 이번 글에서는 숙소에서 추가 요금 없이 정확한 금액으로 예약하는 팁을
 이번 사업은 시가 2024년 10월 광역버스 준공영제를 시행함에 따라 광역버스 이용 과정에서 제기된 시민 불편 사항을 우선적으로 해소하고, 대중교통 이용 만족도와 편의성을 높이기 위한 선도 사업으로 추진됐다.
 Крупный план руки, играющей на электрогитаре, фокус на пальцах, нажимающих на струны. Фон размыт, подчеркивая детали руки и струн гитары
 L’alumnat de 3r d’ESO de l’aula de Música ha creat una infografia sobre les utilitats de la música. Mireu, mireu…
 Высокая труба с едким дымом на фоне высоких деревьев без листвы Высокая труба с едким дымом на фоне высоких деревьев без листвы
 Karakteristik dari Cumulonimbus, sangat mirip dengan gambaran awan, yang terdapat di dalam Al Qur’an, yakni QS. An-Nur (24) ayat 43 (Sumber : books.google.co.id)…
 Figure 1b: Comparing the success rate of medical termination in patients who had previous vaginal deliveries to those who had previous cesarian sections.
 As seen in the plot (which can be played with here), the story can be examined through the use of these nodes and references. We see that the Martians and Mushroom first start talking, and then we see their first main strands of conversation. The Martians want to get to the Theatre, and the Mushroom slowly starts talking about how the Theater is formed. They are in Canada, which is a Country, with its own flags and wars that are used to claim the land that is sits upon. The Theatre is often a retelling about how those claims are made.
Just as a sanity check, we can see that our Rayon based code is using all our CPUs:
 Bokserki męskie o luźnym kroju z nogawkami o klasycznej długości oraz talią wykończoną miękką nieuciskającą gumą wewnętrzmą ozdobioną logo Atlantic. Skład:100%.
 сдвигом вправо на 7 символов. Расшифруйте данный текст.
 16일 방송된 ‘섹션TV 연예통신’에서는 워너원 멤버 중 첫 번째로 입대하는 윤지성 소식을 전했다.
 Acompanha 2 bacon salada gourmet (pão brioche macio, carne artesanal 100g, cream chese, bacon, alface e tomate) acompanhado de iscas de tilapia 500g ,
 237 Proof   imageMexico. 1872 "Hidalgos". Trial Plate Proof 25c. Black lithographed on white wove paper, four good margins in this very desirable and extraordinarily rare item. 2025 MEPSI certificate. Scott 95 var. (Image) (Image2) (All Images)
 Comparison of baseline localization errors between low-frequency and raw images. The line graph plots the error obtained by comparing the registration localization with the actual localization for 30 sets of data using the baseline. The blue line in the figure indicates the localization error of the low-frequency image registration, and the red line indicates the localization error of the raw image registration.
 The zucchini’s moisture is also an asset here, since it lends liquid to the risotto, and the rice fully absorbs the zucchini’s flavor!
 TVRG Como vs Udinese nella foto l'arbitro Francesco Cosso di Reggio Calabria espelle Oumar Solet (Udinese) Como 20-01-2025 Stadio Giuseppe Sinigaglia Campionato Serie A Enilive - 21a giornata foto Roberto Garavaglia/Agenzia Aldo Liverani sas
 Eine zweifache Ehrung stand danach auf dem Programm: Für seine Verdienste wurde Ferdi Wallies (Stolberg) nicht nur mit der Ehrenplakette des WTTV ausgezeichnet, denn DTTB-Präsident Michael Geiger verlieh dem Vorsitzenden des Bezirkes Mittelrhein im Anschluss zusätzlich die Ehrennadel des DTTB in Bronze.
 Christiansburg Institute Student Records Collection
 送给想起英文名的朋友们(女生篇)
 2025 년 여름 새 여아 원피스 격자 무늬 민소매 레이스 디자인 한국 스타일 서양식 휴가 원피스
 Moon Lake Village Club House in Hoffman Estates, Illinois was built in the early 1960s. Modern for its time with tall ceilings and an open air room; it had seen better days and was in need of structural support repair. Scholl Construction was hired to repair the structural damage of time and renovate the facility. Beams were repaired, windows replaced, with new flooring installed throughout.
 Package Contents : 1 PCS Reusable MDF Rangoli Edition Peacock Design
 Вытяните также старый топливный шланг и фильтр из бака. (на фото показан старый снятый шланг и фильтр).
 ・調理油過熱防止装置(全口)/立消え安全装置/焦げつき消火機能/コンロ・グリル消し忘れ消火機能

# # #

THE TASK » What this exercise asks for is every line of the data above with the word "that".

REPLY »
 As seen in the plot (which can be played with here), the story can be examined through the use of these nodes and references. We see that the Martians and Mushroom first start talking, and then we see their first main strands of conversation. The Martians want to get to the Theatre, and the Mushroom slowly starts talking about how the Theater is formed. They are in Canada, which is a Country, with its own flags and wars that are used to claim the land that is sits upon. The Theatre is often a retelling about how those claims are made.
Just as a sanity check, we can see that our Rayon based code is using all our CPUs:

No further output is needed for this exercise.